In one preferred arrangement, the first wheel 400 and/or the second wheel 500 is magnetically coupled to the body 100. In one preferred arrangement, the first wheel 400 and/or the second wheel 500 is both magnetically coupled and mechanically coupled to the body 100. As just one example, the first wheel 400 may be magnetically coupled to a first magnetic portion 600 wherein this first magnetic portion 600 is operably coupled to the first body end 110 of the handle body 100. Similarly, in one preferred arrangement, the second wheel 500 is magnetically coupled to the handle body 100. As just one example, the second wheel 500 may be magnetically coupled to a second magnetic portion 700 wherein this second magnetic portion 700 is operably coupled to the second body end 120 of the handle body 100.

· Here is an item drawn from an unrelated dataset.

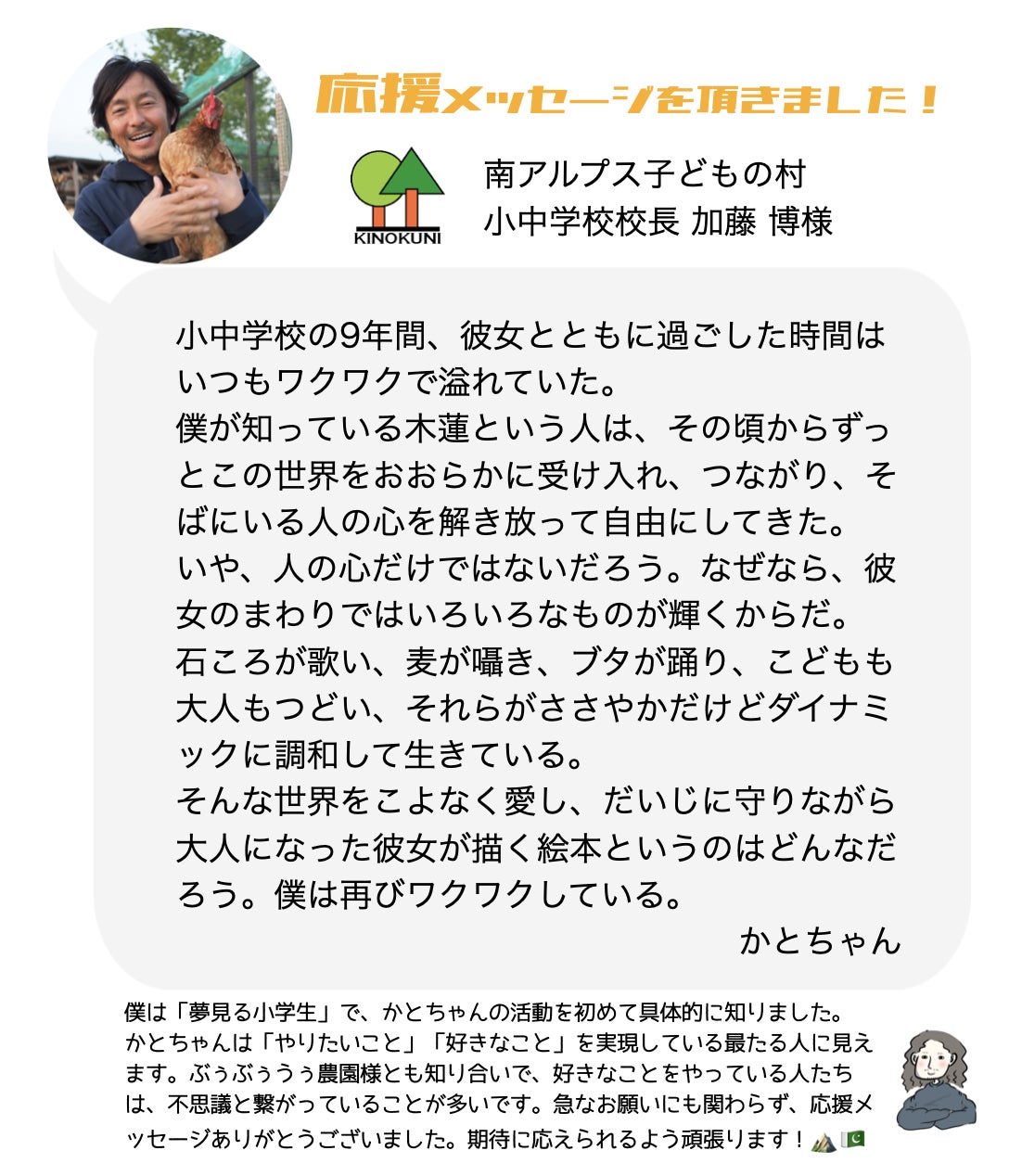 木蓮は素敵な感性を持ったまま大人になれた、そんな子です。そして木蓮の卒業校の校長先生、南アルプス子どもの村 加藤校長先生より、応援メッセージいただきました。

In one preferred arrangement, the first wheel 400 is provided with an outer diameter while the second wheel 500 is also provided with an outer diameter. In a preferred arrangement, this diameter of second wheel 500 is substantially similar to the outer diameter of the first wheel 400, so that the sharpening device 10 is stable and can roll on a flat surface After the knife to be sharpened or polished is clamped or magnetically held in a desired sharpening or polishing position with respect to the flat surface, the sharpening apparatus 10 is rolled back and forth on the surface with the end face or outer surface of either the first wheel 400 or the second wheel 500 so as to have the sharpening disc resting on the cutting edge of the knife to be sharpened and this cutting edge at an angle suitable for cutting is sharpened.

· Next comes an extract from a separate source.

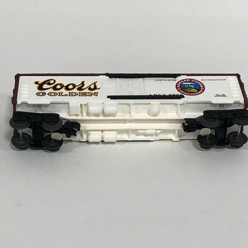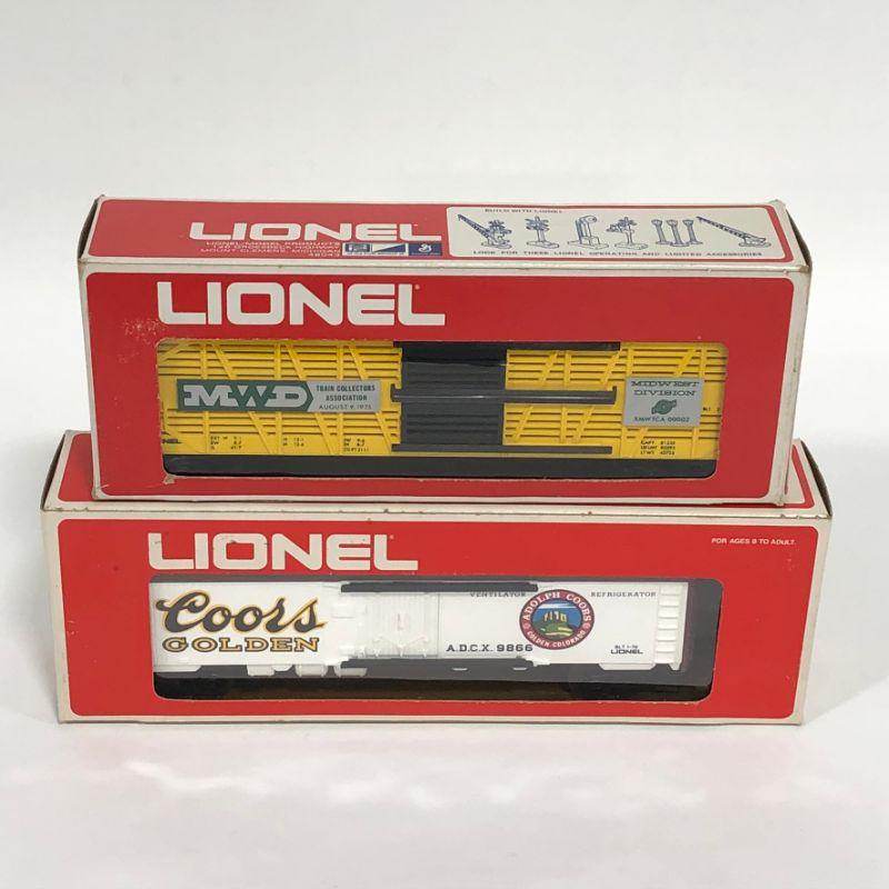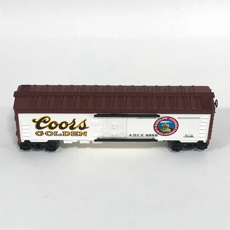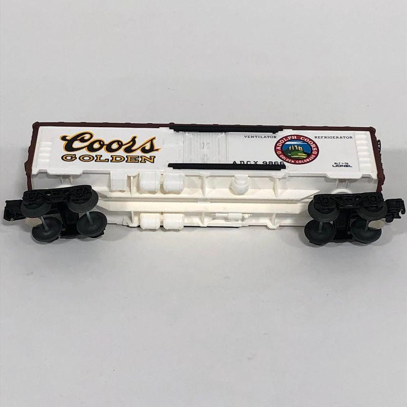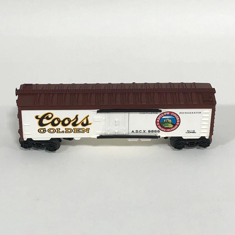 Two Vintage Lionel Train Cars, Coors Billboard Reefer (6-9866) & TCA Midwest Collectors Association Car dated August 9, 1975

If the sharpening apparatus 10 is rolled along a surface, then the first and second wheels 400, 500 will rotate simultaneously and will also rotate relative to the apparatus body 10 If a cutting edge of the cutting tool is applied to the first wheel 400 and the device body 100 is pulled over the surface in particular by hand, then the grinding surface of the first rotating wheel 400 will grind the cutting tool edge.

The sharpening apparatus 10 comprises a hand-operated device for grinding and/or polishing a knife edge. Overall, such a design is provided that both the first wheel 400 and the second wheel 500 can roll on a flat surface and rotate with respect to the body 100 when the user has placed this roller grinder 10 on this surface and grips the body 100 and, therefore, moves the roller grinder 10 back and forth on this surface which holds the knife to be treated in a defined arrangement, and one of the rotating disk 400, 500 surfaces contacts the cutting edge and grinds or polishes.

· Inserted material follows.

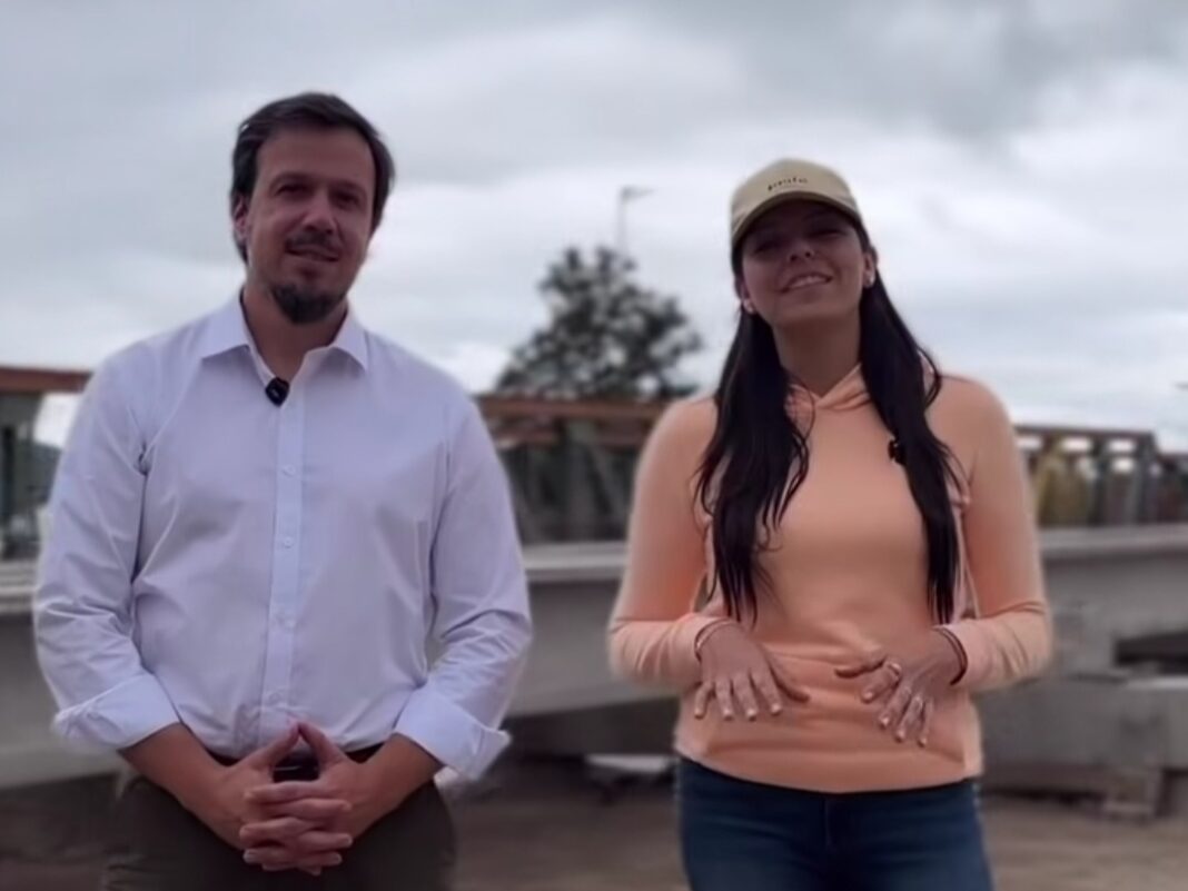 La senadora nacional aprovechó la colocación de vigas del puente sobre el río Vaqueros para recorrer las obras y adjudicársela al gobierno nacional.

In one preferred arrangement, a sharpening apparatus and positioning body or flat base is provided as a set or as a kit. In a disclosed roller grinder set according to the present disclosure, in addition to the roller grinder or sharpening apparatus, a positioning body to be arranged on the flat base may be provided. In one preferred arrangement, this positioning body is configured so that a releasably attached knife to be treated can be held in a defined orientation so that a rotating disc on this base can optimally grind or polish the knife edge.

As noted, FIG. 1 illustrates a perspective view of a sharpening apparatus 10 and FIG. 2 illustrates various components parts of the sharpening apparatus 10 illustrated in FIG. 1. As illustrated, in one preferred arrangement, the sharpening apparatus 10 comprises a handle body 100, a first wheel 400, a second wheel 500, a first magnetic portion 600, and a second magnetic portion 700.

Referring now to FIGS. 1 and 2, the sharpening apparatus 10 comprises a handle body 100 wherein this handle body 100 extends from a first body end 110 to a second body end 120. The first body end 110 defines a first surface 115 and the second body end 120 defines a second surface 125. In one preferred arrangement, the first surface 115 is substantially planar and the second surface is also substantially planar. As illustrated, the first surface 115 and the second planar surface are co-planar to one another. However, as those of ordinary skill in the art having the benefit of this disclosure will recognize, alternative surface configurations and orientations may also be utilized.

The handle body 100 may comprise either a single, homogenous material or alternatively, may comprise a collection of different types of materials. As just one example, the body may comprise a material such as a dark brown colored beech wood, walnut wood, oak wood, solid wood, surface treated, and may also have a matte finish. As those of ordinary skill in the art having the benefit of this disclosure will recognize, alternative materials may also be used. Preferably, the outer surface of the handle body 100 comprises an outer surface 105 that is smooth.

In one preferred arrangement, the first end 110 of the handle body 100 and the second end 120 of the handle body 100 are substantially smooth and planar. As will be described herein, both the first end 110 and the second end 120 are configured to guide or support a first wheel 400 and a second wheel 500, respectively. More specifically, both the first end 110 and the second end 120 of the handle body 100 are configured to guide or support the first magnetic portion 600 and the second magnetic portion 700, respectively.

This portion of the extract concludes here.